«Сквозь магический кристалл…»
Промчалось много, много дней
С тех пор, как юная Татьяна
И с ней Онегин в смутном сне
Явилися впервые мне
И даль свободного романа
Я сквозь магический кристалл
Еще не ясно различал. /V,163/
Символика «магического кристалла»
Символика «магического кристалла» открывает целый спектр возможных интерпретаций.
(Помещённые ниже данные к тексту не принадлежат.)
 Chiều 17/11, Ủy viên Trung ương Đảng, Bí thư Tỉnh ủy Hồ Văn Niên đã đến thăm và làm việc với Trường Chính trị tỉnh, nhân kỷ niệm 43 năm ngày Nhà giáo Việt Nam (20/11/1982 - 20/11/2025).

В эпоху романтизма особое значение придавалось воображению и способности видеть за пределами очевидного. «Магический кристалл» вполне мог быть символом способности поэта, художника, наделенного особым даром прозрения, «видеть будущее».
Вспомним, как часто в литературе и фольклоре кристалл, хрустальный шар или зеркало используются как инструменты для предсказания будущего, для связи с потусторонним миром. Они становятся окнами в иные реальности, позволяя заглянуть за завесу времени и пространства. В этом контексте «магический кристалл» в «Евгении Онегине» мог символизировать попытку героев, особенно Татьяны, разгадать тайны судьбы, понять смысл происходящих событий и предвидеть их последствия.
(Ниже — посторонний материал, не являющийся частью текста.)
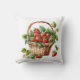 Travesseiro com uma nova vibração de verão. Uma ilustração fofinha com morangos colhidos frescos enchendo um cesto mais fraco.

Но не стоит забывать и о другой стороне медали. Кристалл, особенно если он не безупречен, может искажать изображение, создавать иллюзии и обманывать зрение. В этом случае «магический кристалл» мог быть символом самообмана, ложных надежд и иллюзорных представлений о мире. Возможно, он отражает неспособность героев увидеть реальность такой, какая она есть, их склонность к идеализации и романтическим фантазиям.
Интересно, что Пушкин, будучи мастером иронии и самоиронии, мог сознательно использовать этот образ в двойственном ключе. «Магический кристалл» мог быть одновременно и инструментом познания, и источником заблуждений, отражая сложность и противоречивость человеческой природы. Он мог символизировать как стремление к истине, так и склонность к самообману, как надежду на будущее, так и разочарование в настоящем.
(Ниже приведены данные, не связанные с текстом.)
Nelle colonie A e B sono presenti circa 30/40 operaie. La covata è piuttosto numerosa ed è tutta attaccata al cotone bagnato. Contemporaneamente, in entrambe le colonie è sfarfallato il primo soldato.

Чтобы приблизиться к пониманию пушкинского замысла, необходимо также учитывать контекст эпохи. Начало XIX века — это время расцвета мистицизма и оккультизма, время увлечения спиритизмом и гаданиями. В дворянских салонах были популярны гадальные карты, кофейная гуща и, конечно же, хрустальные шары. Вполне возможно, что Пушкин, будучи человеком своего времени, был знаком с этими практиками и использовал образ «магического кристалла» как отсылку к этой культурной традиции.
Однако, в отличие от наивных верующих в магию, Пушкин, скорее всего, относился к этим явлениям с иронией и скепсисом. Он мог использовать образ «магического кристалла» не для того, чтобы подтвердить реальность потусторонних сил, а для того, чтобы высмеять суеверия и предрассудки своего времени. В этом случае «магический кристалл» становится символом не столько мистического прозрения, сколько человеческой глупости и наивности.
Таким образом, «магический кристалл» в «Евгении Онегине» — это многозначный и сложный образ, который не поддается однозначной интерпретации. Он может символизировать и инструмент познания, и источник заблуждений, и отсылку к культурным традициям эпохи, и ироническое отношение к суевериям. Чтобы понять его истинное значение, необходимо учитывать контекст эпохи, личность автора и, конечно же, сам текст романа, с его сложной системой символов и метафор. И, возможно, именно в этой многозначности и заключается его истинная магия.
И, пожалуй, именно эта многослойность, эта игра смыслов и делает «магический кристалл» столь притягательным для исследователей. Он словно сам становится тем самым инструментом познания, который требует от нас пристального внимания, критического мышления.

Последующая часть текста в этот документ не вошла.